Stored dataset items
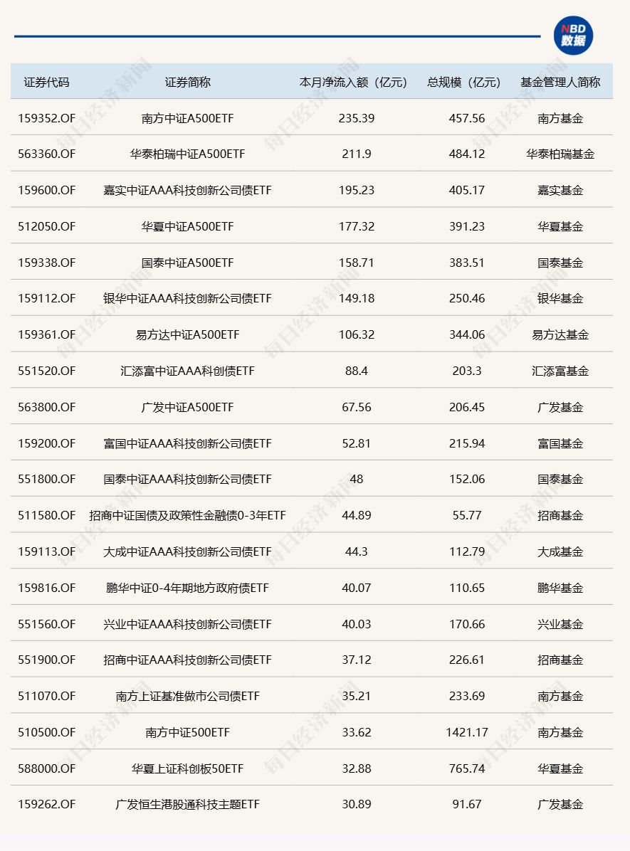 Wind數(shù)據(jù)顯示,在12月25日的非貨幣ETF市場(chǎng)中,銀華中證AAA科技創(chuàng)新公司債ETF基金份額增加0.35億份,凈流入額34.74億元;匯添富中證AAA科創(chuàng)債ETF份額增加0.20億份,凈流入額20.50億元;華泰柏瑞中證A500ETF份額增加12.09億份,凈流入額15.20億元。
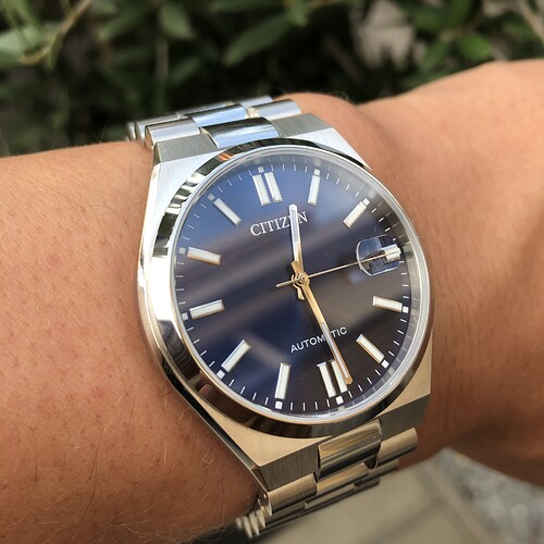Eerste indruk, had de band wat zwaarder ingeschat maar is erg licht, ben benieuwd hoe die draagt. Sunburst blauw is erg strak, het blauw maakt het horloge ingetogen vergeleken geel of groen. Mijn vrouw vindt hem classy.
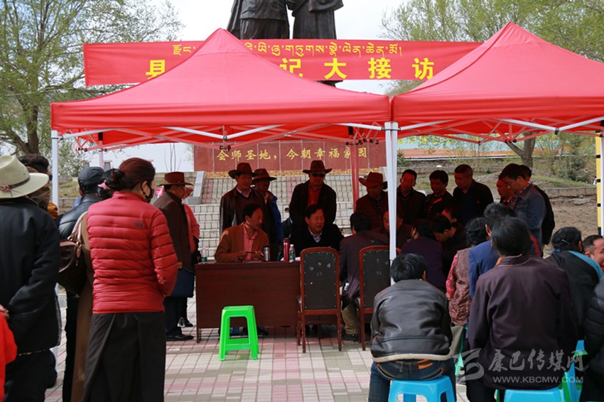 廣場(chǎng)上拉起了一條紅色橫幅,橫幅上書一行字“縣委書記大接訪”。紅色橫幅后面是開(kāi)國(guó)元?jiǎng)字斓潞蛺?ài)國(guó)活佛、大德高僧格達(dá)相互攙扶的雕像。雕像下,該縣各個(gè)局和部門的主要負(fù)責(zé)人都坐在塑料凳上,手里拿著筆記本,等著被該縣縣委書記雷建平“點(diǎn)名”。被點(diǎn)名的單位和負(fù)責(zé)人將和縣委書記一起,就群眾反映的問(wèn)題,解疑答惑,并當(dāng)場(chǎng)安排落實(shí)。為了多接訪一些群眾,兩天來(lái),午飯時(shí)間,該縣縣委書記和干部都在廣場(chǎng)泡面充饑。
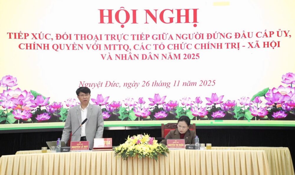 Sáng 26/11, Đảng ủy – HĐND – UBND – UBMTTQ xã Nguyệt Đức tổ chức hội nghị tiếp xúc đối thoại giữa người đứng đầu cấp uỷ, chính quyền với MTTQ, các tổ chức chính trị – xã hội với nhân dân năm 2025. Đồng chí Nguyễn Thị Huấn – Bí thư Đảng ủy, Chủ tịch HĐND xã và đồng chí Nguyễn Lê Huy – Phó Bí thư Đảng ủy, Chủ tịch UBND xã đồng chủ trì hội nghị.
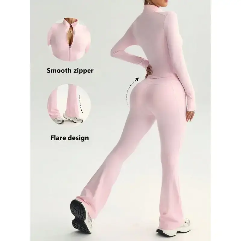 【Thumbhole Jacket】: Features a unique thumbhole design on the long sleeve jacket for enhanced fit and coverage during workouts. 【Breathable Material】: Crafted from breathable fabric, ensuring ventilation and comfort during various activities like yoga and running. 【Tummy Control】: Includes a body-shaping feature in the tops, providing tummy control for a secure and flattering fit. 【Ankle-Length Pants】: The above-the-ankle length of the pants enhances mobility while providing a contemporary athletic look. 【Seasonal Wear】: Designed specifically for fall and winter, offering warmth alongside functionality for your outdoor and gym activities.
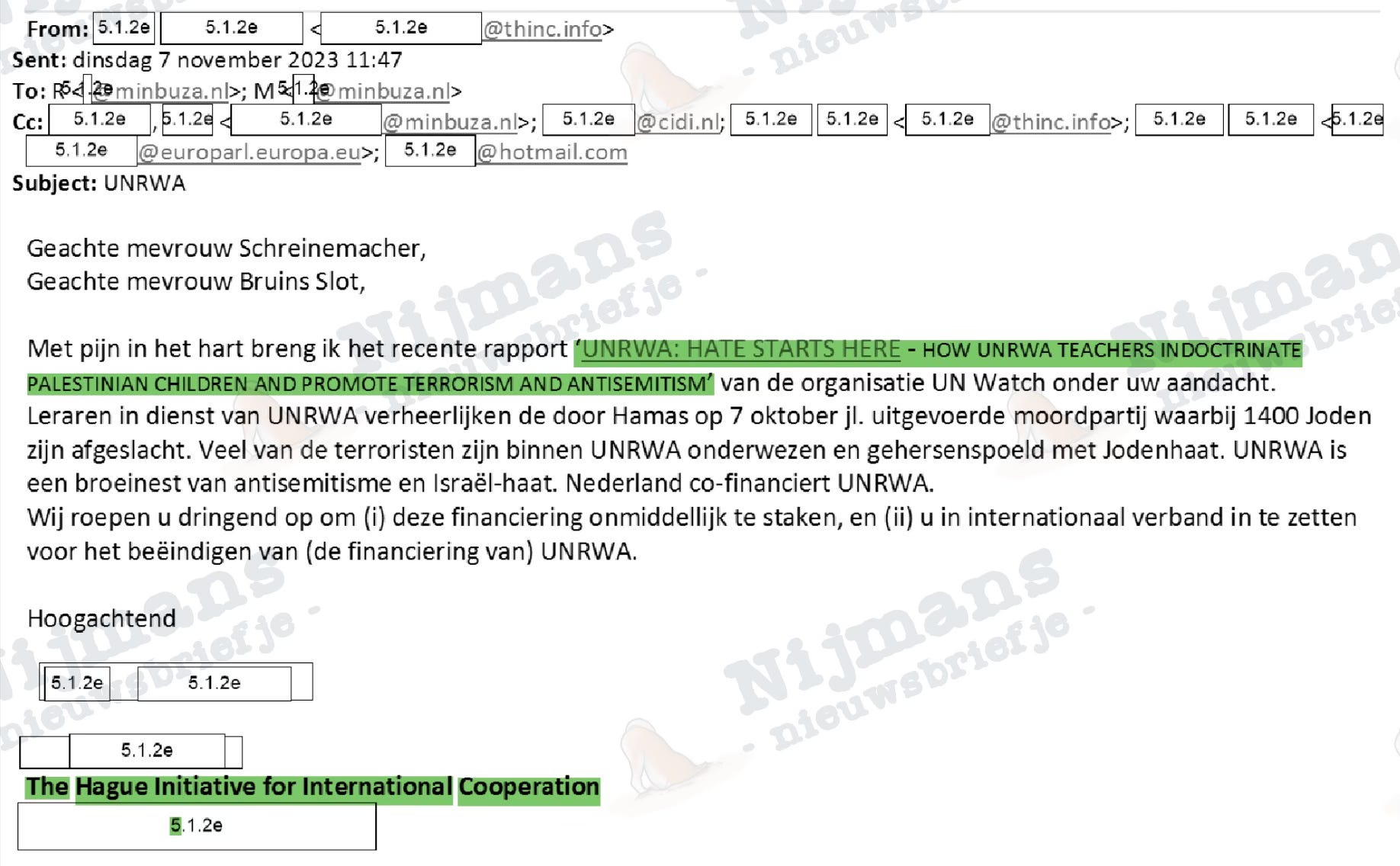 Het enige tegengeluid over UNRWA zat reeds begin november 2023 in de digitale postbus van BuZa, toen stichting THINC, een organisatie die Israël verdedigt in de context van internationaal recht, het ministerie wees op het rapport “Hate Starts Here” van UN Watch, en daarover (samen met het CIDI en een vertegenwoordiger van UN Watch) maar liefst drie kwartier mocht langskomen op 4 december van dat jaar. Hun oproep, onmiddellijke staking van financiering en een internationale inzet daarvoor door Nederland, blijkt naïef gedacht over de mentaliteit bij BuZa: twee weken na de bijeenkomst ging er juist tien miljoen euro aan extra Nederlandse subsidiegelden naar UNRWA, bovenop de regulieren jaarlijkse betalingen van 19 miljoen euro.
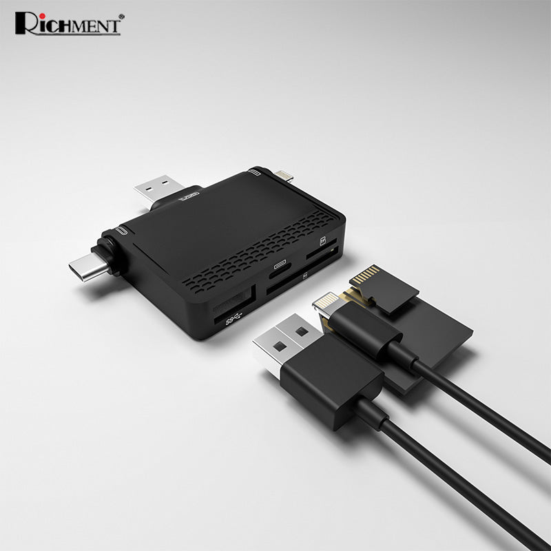 - Upgrade your mobile and desktop data experience with this multifunctional 4-in-1 USB OTG Card Reader and Expander. Designed for ultimate versatility, it supports Lightning, Type-C, Micro USB, and standard USB interfaces – making it perfect for iPhones, Android phones, iPads, laptops, and desktops.
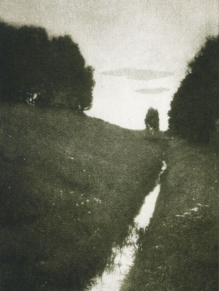 Curator: Ah, "Under The Harvest Moon" by John Atkinson Grimshaw. He created this nocturne in 1872. It's an oil painting capturing a rural scene bathed in moonlight. Editor: There's something unsettling, yet alluring about the piece. That almost monochrome palette and indistinct skyline definitely create an air of mystery and stillness. Curator: Grimshaw was known for his cityscapes and landscapes, often at night. The Industrial Revolution was in full swing, yet he idealized the countryside. Editor: The scene looks serene, almost romantic, but I can't shake the feeling of societal contrast. How might the artist and his patrons have reconciled industrial progress with this yearning for an idyllic rural past? Curator: Grimshaw appealed to the Victorian sensibilities, didn’t he? The painting romanticizes nature, almost erasing the impact of industrialization that was changing England at the time. Editor: I think it's crucial to consider who had access to these landscapes – both physically and artistically. Was this nature accessible to the working class, or was it a curated vision of the landed gentry? Whose labor created these landscapes, literally and metaphorically? Curator: Those are insightful questions. Grimshaw marketed these idyllic scenes primarily to the middle class, feeding their nostalgia and, perhaps, a certain desire for social separation during a period of intense societal restructuring. His use of light really accentuates the feeling of isolation. Editor: Right, the almost theatrical lighting turns a natural scene into a carefully staged image. That narrow, winding road might represent not only a physical path, but also the precarious journey into modernity itself. What do we lose, and what do we gain? Curator: These paintings allowed urban audiences a safe, controlled experience of the countryside from which they were becoming increasingly disconnected. This fits within broader art market trends of the time. Editor: Perhaps that carefully staged vision speaks to something deeper: a longing for connection, a yearning to bridge divides. Grimshaw offers an entry point to crucial conversations, a place to reckon with historical legacies and imagine more equitable futures. Curator: Indeed, it's much more than just a pretty landscape painting. It’s a cultural artifact, revealing the values and tensions of its time. Editor: Exactly. These aren't just images; they’re mirrors reflecting our histories and potentially inspiring paths to transformation.
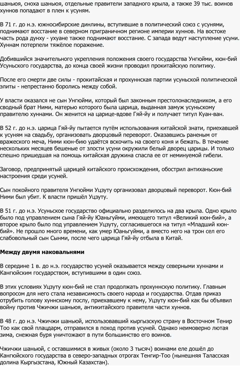 В середине 1 в. до н.э. государство усуней оказывается между северными хуннами и Кангюйским государством, вступившими в один союз.
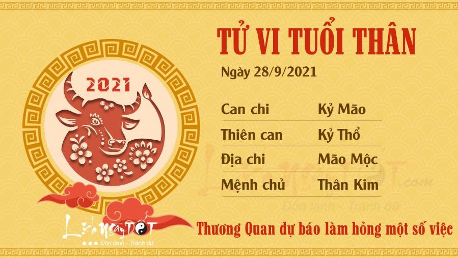 Thương Quan dự báo con giáp tuổi Thân có thể làm hỏng một số việc. Đừng lúc nào cũng trách móc mình như thế. Bạn làm mọi việc tốt hơn bạn nghĩ đấy. Điều bạn cần làm là tự tin lên, cố gắng nỗ lực hơn nữa. Mọi người vẫn đang đánh giá cao bạn đó. Mộc - Kim xung khắc cho thấy hôm nay, bạn có xu hướng thích nói khá nhiều về bản thân. Dẫu biết bạn đang có nhiều ý tưởng và lời khuyên thú vị muốn chia sẻ với mọi người, nhưng cũng cần biết lắng nghe nữa, đừng chỉ thao thao bất tuyệt như vậy. Ngày 28/9/2021 dương lịch là ngày Can Kỷ, không trị bệnh ở tì. Bản mệnh lưu ý điều này để không tác động vào vị trí này trong ngày hôm nay nhé.
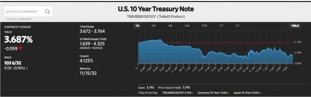 뉴욕 채권 시장에서 10년물 금리는 오후 5시께 전날보다 5.9bp 내린 3.687%로 거래됐습니다.

### THE TASK
Leaving out the pictures, print each line of the records above from the first up to and including the one that contains "Sáng 26/11, Đảng", exactly as written.

### RESPONSE
 Wind數(shù)據(jù)顯示,在12月25日的非貨幣ETF市場(chǎng)中,銀華中證AAA科技創(chuàng)新公司債ETF基金份額增加0.35億份,凈流入額34.74億元;匯添富中證AAA科創(chuàng)債ETF份額增加0.20億份,凈流入額20.50億元;華泰柏瑞中證A500ETF份額增加12.09億份,凈流入額15.20億元。
Eerste indruk, had de band wat zwaarder ingeschat maar is erg licht, ben benieuwd hoe die draagt. Sunburst blauw is erg strak, het blauw maakt het horloge ingetogen vergeleken geel of groen. Mijn vrouw vindt hem classy.
 廣場(chǎng)上拉起了一條紅色橫幅,橫幅上書一行字“縣委書記大接訪”。紅色橫幅后面是開(kāi)國(guó)元?jiǎng)字斓潞蛺?ài)國(guó)活佛、大德高僧格達(dá)相互攙扶的雕像。雕像下,該縣各個(gè)局和部門的主要負(fù)責(zé)人都坐在塑料凳上,手里拿著筆記本,等著被該縣縣委書記雷建平“點(diǎn)名”。被點(diǎn)名的單位和負(fù)責(zé)人將和縣委書記一起,就群眾反映的問(wèn)題,解疑答惑,并當(dāng)場(chǎng)安排落實(shí)。為了多接訪一些群眾,兩天來(lái),午飯時(shí)間,該縣縣委書記和干部都在廣場(chǎng)泡面充饑。
 Sáng 26/11, Đảng ủy – HĐND – UBND – UBMTTQ xã Nguyệt Đức tổ chức hội nghị tiếp xúc đối thoại giữa người đứng đầu cấp uỷ, chính quyền với MTTQ, các tổ chức chính trị – xã hội với nhân dân năm 2025. Đồng chí Nguyễn Thị Huấn – Bí thư Đảng ủy, Chủ tịch HĐND xã và đồng chí Nguyễn Lê Huy – Phó Bí thư Đảng ủy, Chủ tịch UBND xã đồng chủ trì hội nghị.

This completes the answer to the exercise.